<h1>DSCI 100 Final Project</h1>

<h1>Introduction</h1>

We’ve been tasked with performing data analysis to inform a study looking at how players interact with a server in the video game Minecraft. The study seeks to understand how players play video games, and how they interact with the virtual world around them. To that end, they need participants that will be engaged and present in their virtual world, in order to maximize the amount of data they are able to collect. 

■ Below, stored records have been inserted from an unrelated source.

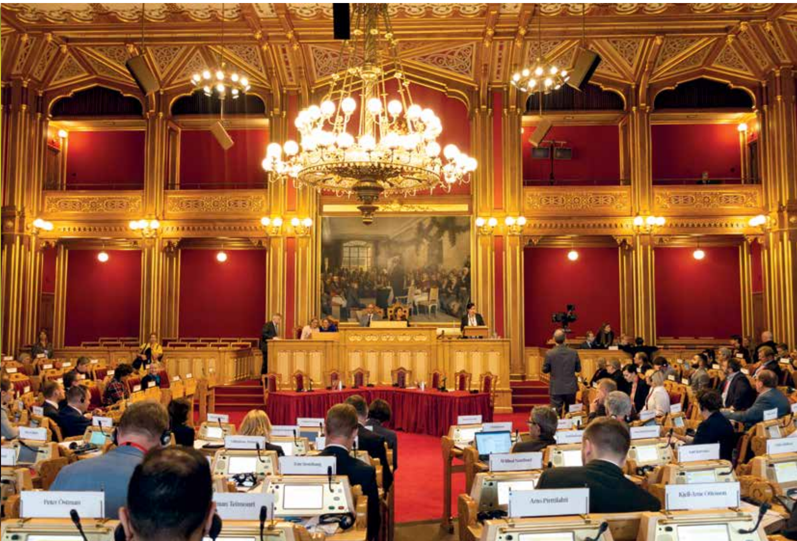
Formanden for Inatsisartut Vivian Motzfeldt talte på vegne af Vestnordisk Råd i Stortinget i forbindelse med Nordisk Råds session, som blev afholdt fra den 29. til den 31. oktober.
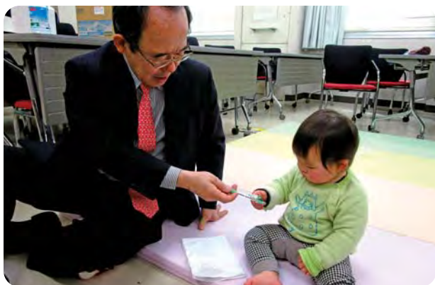
女性医師の子どもとふれあい

ではなぜ、女性医師支援がこれほど重要視されているのか。それは医師不足の折、医学生に占める女性の割合が3割を超えている現状があります。また特に女性医師の多い産婦人科においては日本産科婦人科学会の新規入会者の内、女性が7割を占めています。今後さらに女性医師が増加することが確実であり、多くが今後、結婚・出産により育児期に入ることが想定されます。女性医師が順調に復帰しなければ、今後深刻な医師不足に陥ることが容易に想像されている為、出産後の女性医師がスムーズに医療現場に復帰できるよう対策を講じることが大変重要となってくるのです。特に、静岡県のような医師不足県では深刻な問題となっており、子育て中の女性医師の支援体制整備は喫緊の課題です。当センターは女性医師がスムーズに復帰できるよう様々な支援を取り入れてサポートしています。
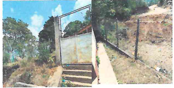
Foto 4: Muro Perimetral en mal estado, y porton necesita mantenimiento.
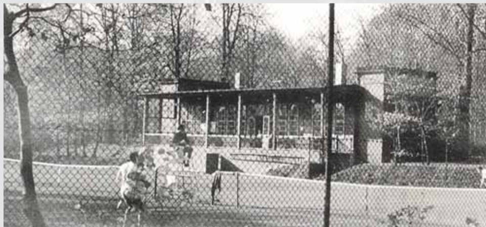
Tenisové kurty I. ČsŠK Bratislava boli v Petržalke neďaleko futbalového štadióna.

Koncom novembra 1927 „eškári“ hrdo hlásili, že rady ich tenistov sa rozšírili už na deväťdesiat členov a v nasledujúcom roku postavila tri

In our analysis of their preliminary data, the broad question we’re trying to answer is: *We would like to know which "kinds" of players are most likely to contribute a large amount of data so that we can target those players in our recruiting efforts*. To do that, we can analyze how different player characteristics affect the target variable we’re looking to maximize; time spent playing. The purpose of answering this question is to determine the characteristics the research group should look for in players when recruiting for their study. Our specific predictive question is: *How well can age, gender, subscription status, and experience level predict player's played hours?*

We have two datasets at our disposal: a table describing all players who participated, and a table describing each session any player logged. For our analysis, we’ve focused solely on the player dataset, as the session dataset is irrelevant to determining overall data contribution, and lacks any information about the players who recorded the sessions. So, that leaves us with the player dataset, which contains the following variables:
- Experience (object): Subjective player interpretation of their experience level, binned into categories. 
- Subscribed (bool): Boolean variable describing whether or not a player is subscribed to a minecraft newsletter
- hashedEmail (object): A player’s email, altered for anonymity.
- Played_hours (float64): # of hours played by this player
- Name (object): A player’s real life name 
- Gender (object): A player’s real life gender
- Age (int64): Reported player age
- individualId (float64): id of the player
- organizationName (float64): player's organization name

The data has some obvious flaws, owing to its self-reported nature. Certain ages, names, and experience levels are clearly not accurately reported, which muddies the data and makes it far more difficult to extract real conclusions. There are steps we can take to mitigate those detracting data points, but doing so may also remove some valuable true data. 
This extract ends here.